[[ DATA EXTRACT, beginning ]]
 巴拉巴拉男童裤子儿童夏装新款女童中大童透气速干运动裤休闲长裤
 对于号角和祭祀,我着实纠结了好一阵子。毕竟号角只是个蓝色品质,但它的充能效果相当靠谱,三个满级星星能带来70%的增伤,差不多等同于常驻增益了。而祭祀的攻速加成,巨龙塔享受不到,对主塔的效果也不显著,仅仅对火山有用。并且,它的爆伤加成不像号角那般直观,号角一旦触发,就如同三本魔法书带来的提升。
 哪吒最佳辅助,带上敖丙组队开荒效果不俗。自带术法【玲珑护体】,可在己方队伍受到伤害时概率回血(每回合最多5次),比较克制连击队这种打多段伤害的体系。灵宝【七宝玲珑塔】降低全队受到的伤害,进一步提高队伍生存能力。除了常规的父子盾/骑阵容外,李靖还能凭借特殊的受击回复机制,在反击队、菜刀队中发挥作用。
[[ DATA EXTRACT, end ]]
**REQUIRED WORK:** Beginning with the line that holds "对于号角和祭祀,我着实纠结了", restate word for word every line down to the end of the data, and only those lines.

**SOLUTION:**
 对于号角和祭祀,我着实纠结了好一阵子。毕竟号角只是个蓝色品质,但它的充能效果相当靠谱,三个满级星星能带来70%的增伤,差不多等同于常驻增益了。而祭祀的攻速加成,巨龙塔享受不到,对主塔的效果也不显著,仅仅对火山有用。并且,它的爆伤加成不像号角那般直观,号角一旦触发,就如同三本魔法书带来的提升。
 哪吒最佳辅助,带上敖丙组队开荒效果不俗。自带术法【玲珑护体】,可在己方队伍受到伤害时概率回血(每回合最多5次),比较克制连击队这种打多段伤害的体系。灵宝【七宝玲珑塔】降低全队受到的伤害,进一步提高队伍生存能力。除了常规的父子盾/骑阵容外,李靖还能凭借特殊的受击回复机制,在反击队、菜刀队中发挥作用。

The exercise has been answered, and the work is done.